# [Directions]
From the line containing "工作原理:四效降膜蒸發(fā" through the last line of the entries, output the text exactly. Pictures stay out.

+ + + + + + +

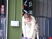 ![]() Сёртис выталкивает болид Формулы-Рено из закрытого парка на трассе Оултон Парк в 2008. | |
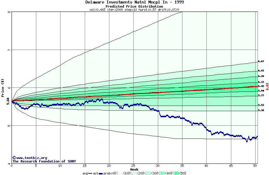 The following graph plots the year-to-date performance of the stock for 1999 compared to the probability calculated by a random walk model.
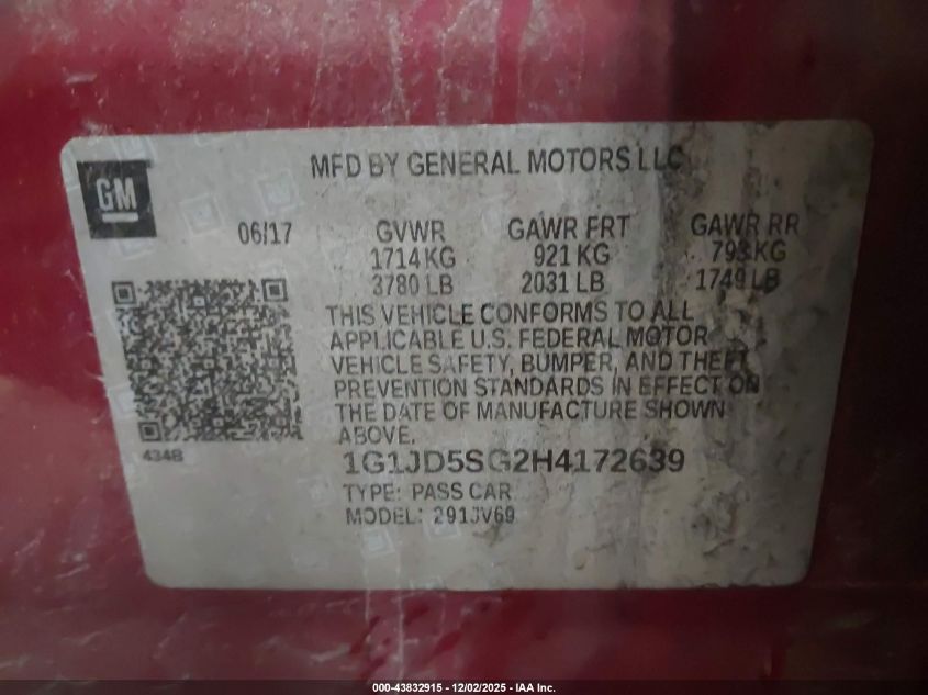 2017 CHEVROLET SONIC 2017 року Бензин, 1.8, Передний привод, vin - 1G1JD5SG2H4172639 из США
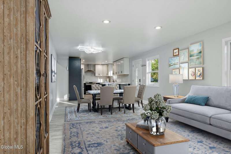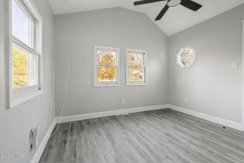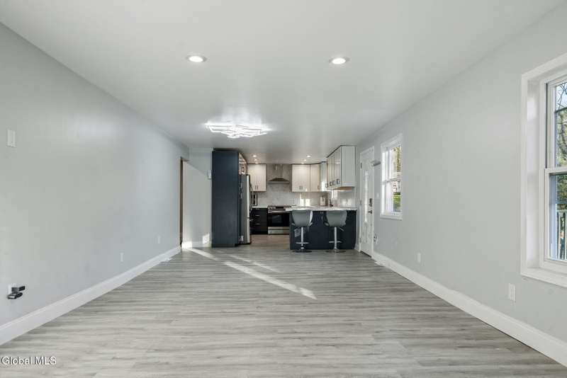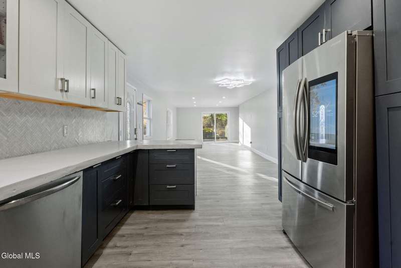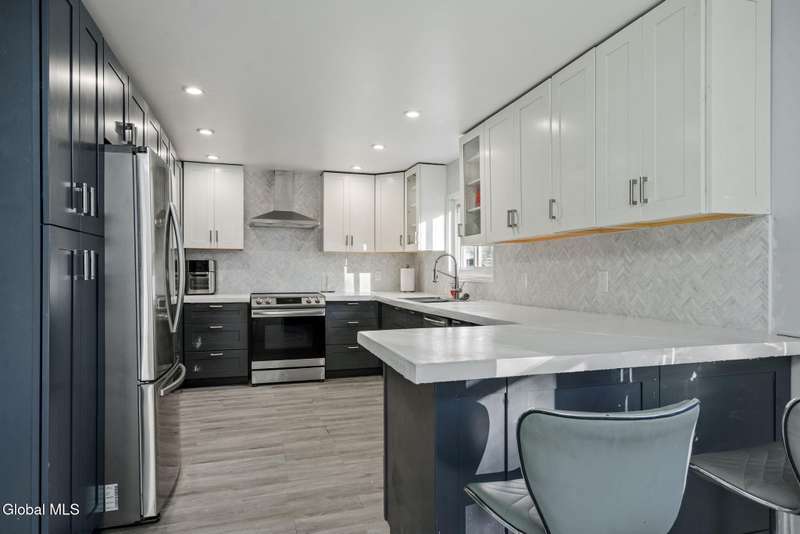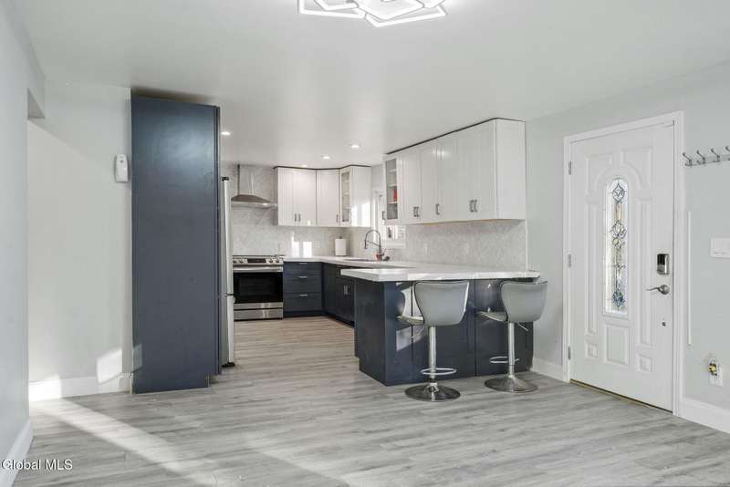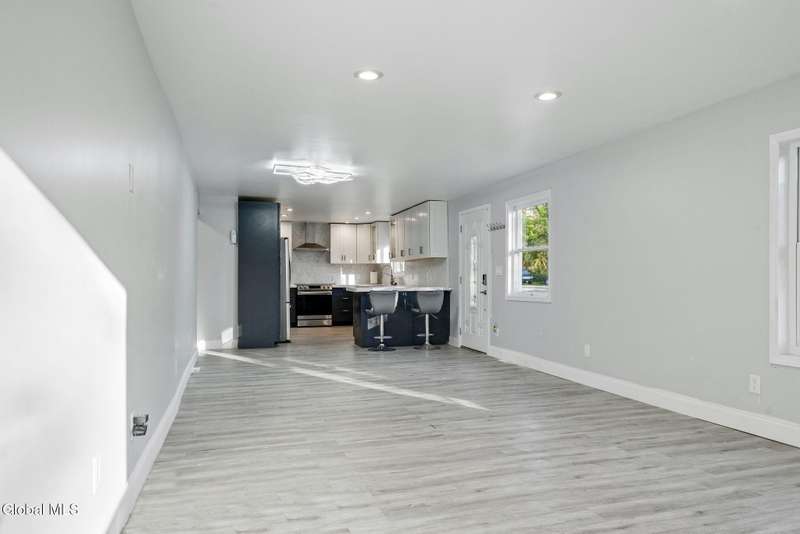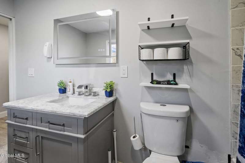 MOVE-IN READY! This stunning home in North Troy was renovated from the studs in 2022 and offers an open-concept layout designed for modern living. The brand-new kitchen is a true showstopper, featuring custom concrete countertops, beautiful recessed lighting, a stylish backsplash, sleek cabinetry, and stainless steel appliances. This house includes a NEW roof, plumbing, flooring, electrical, furnace, hot water tank, and many new windows, giving you peace of mind for years to come! The oversized primary suite is your private retreat, boasting a large walk-in shower and dual vanities with his-and-her sinks. Both bathrooms have been meticulously renovated with tasteful, contemporary finishes. Upstairs, you'll find a cozy bedroom with a charming skylight window that fills the space with natural light. Set on a 0.66-acre lot with plenty of road frontage, this property offers great outdoor space, complete with an above-ground pool (brand new liner) and a large basement for extra storage. Located just five minutes from shops/stores, this home blends privacy and convenience. Schedule your showing today!
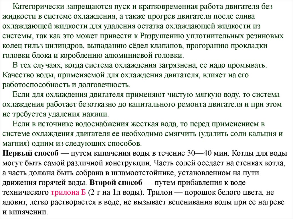 20 г технического трилона. После одного дня работы автомобиля (не менее 6-7 ч)
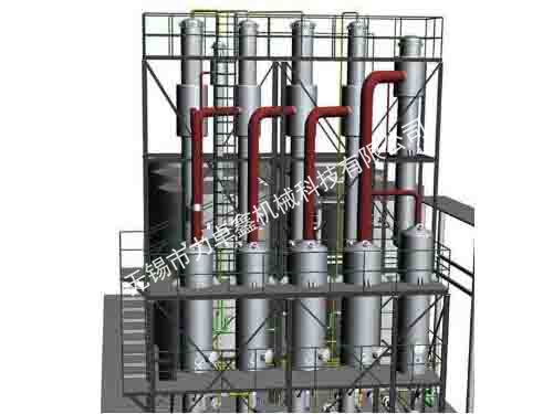 工作原理:四效降膜蒸發(fā)器需濃縮的料液由泵送入加熱管頂部,沿著加熱管內(nèi)壁形成液膜向下流動。在這個過程中,由于管外的加熱,管內(nèi)液膜開始沸騰并部分蒸發(fā)醫(yī)藥濃縮降膜蒸發(fā)器
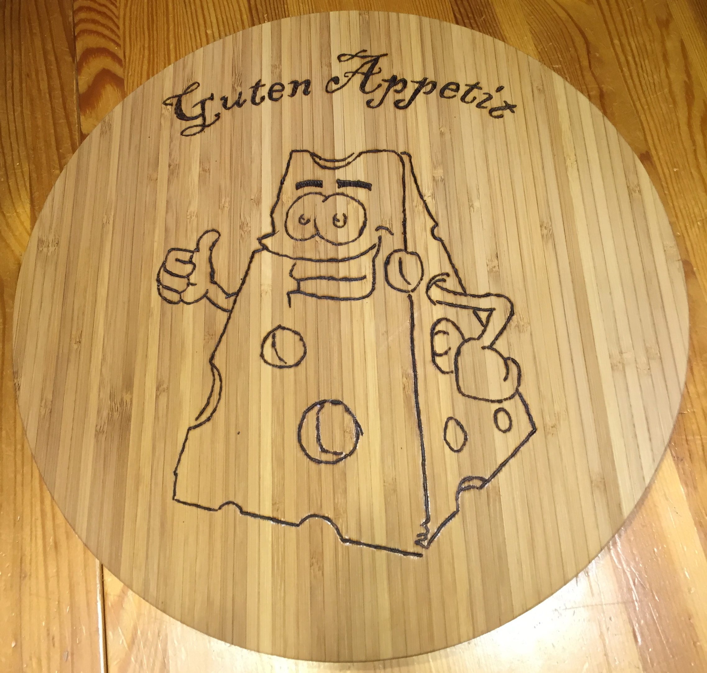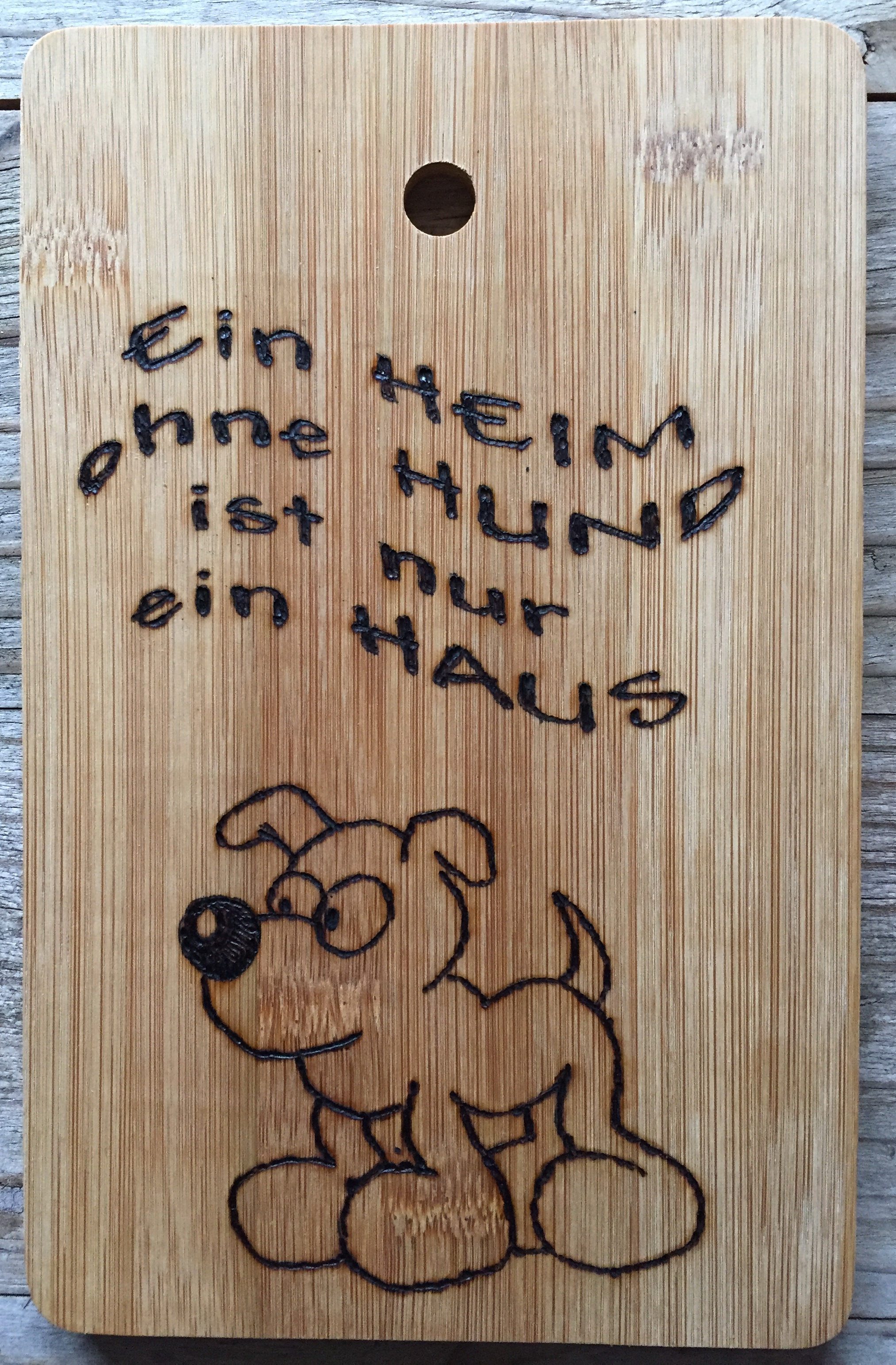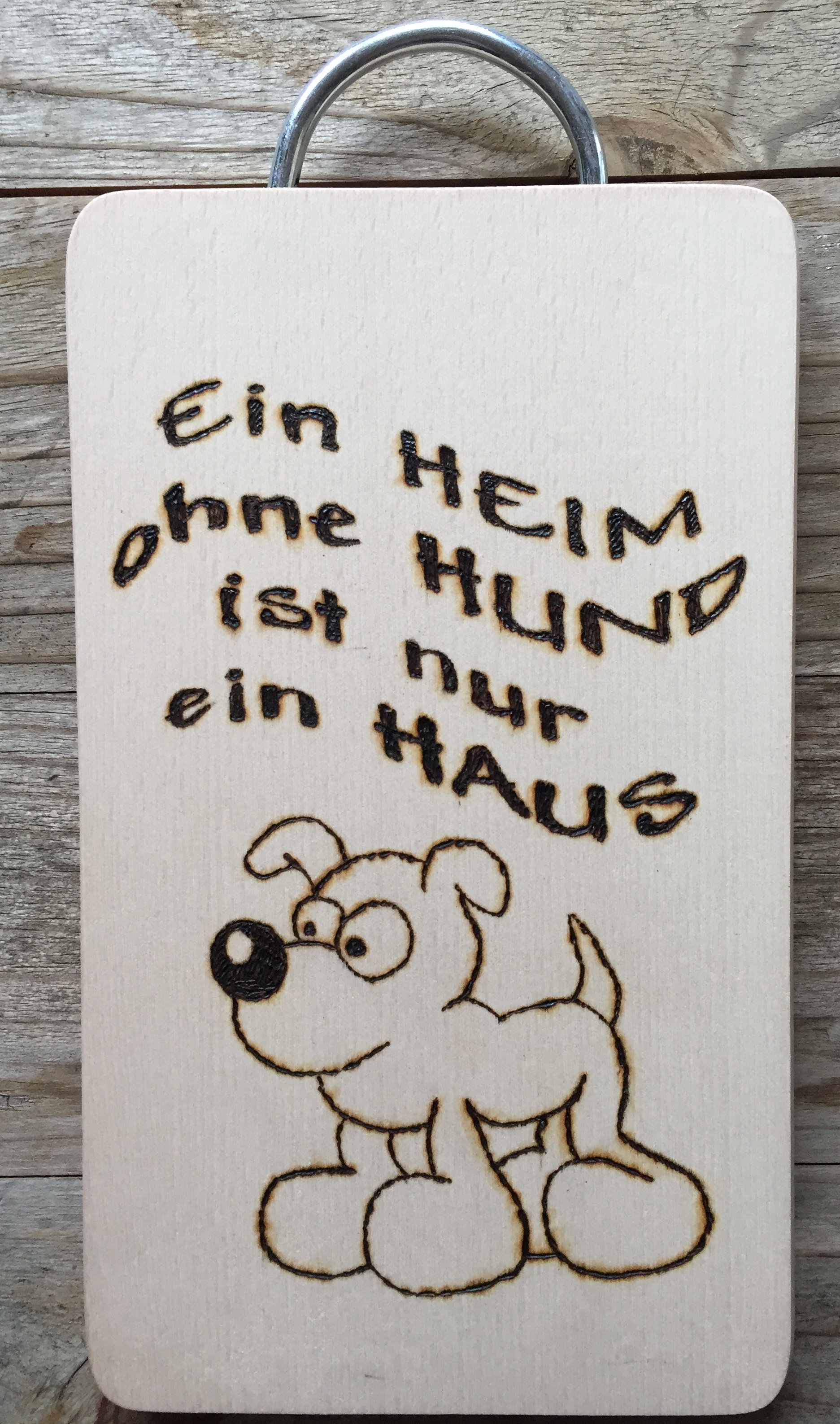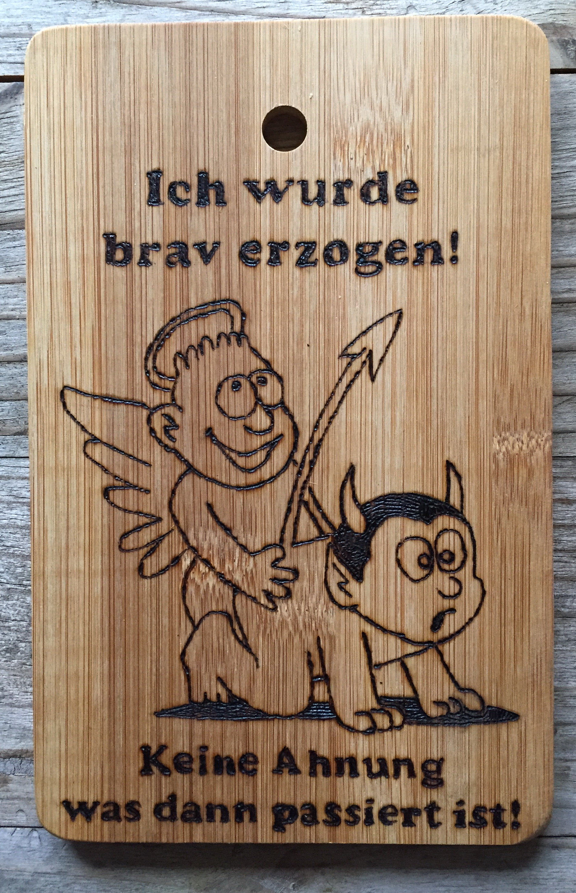 Naturholz und Spanplatte eignen sich im Regelfall gut zum Brennen. Wunschmotive und Widmungen von ‚ick lieb dir‘ bis zu ‚von Reginald und Tante Erika‘ sind machbar.

+ + + + + + +

# [Expected output]
 工作原理:四效降膜蒸發(fā)器需濃縮的料液由泵送入加熱管頂部,沿著加熱管內(nèi)壁形成液膜向下流動。在這個過程中,由于管外的加熱,管內(nèi)液膜開始沸騰并部分蒸發(fā)醫(yī)藥濃縮降膜蒸發(fā)器
 Naturholz und Spanplatte eignen sich im Regelfall gut zum Brennen. Wunschmotive und Widmungen von ‚ick lieb dir‘ bis zu ‚von Reginald und Tante Erika‘ sind machbar.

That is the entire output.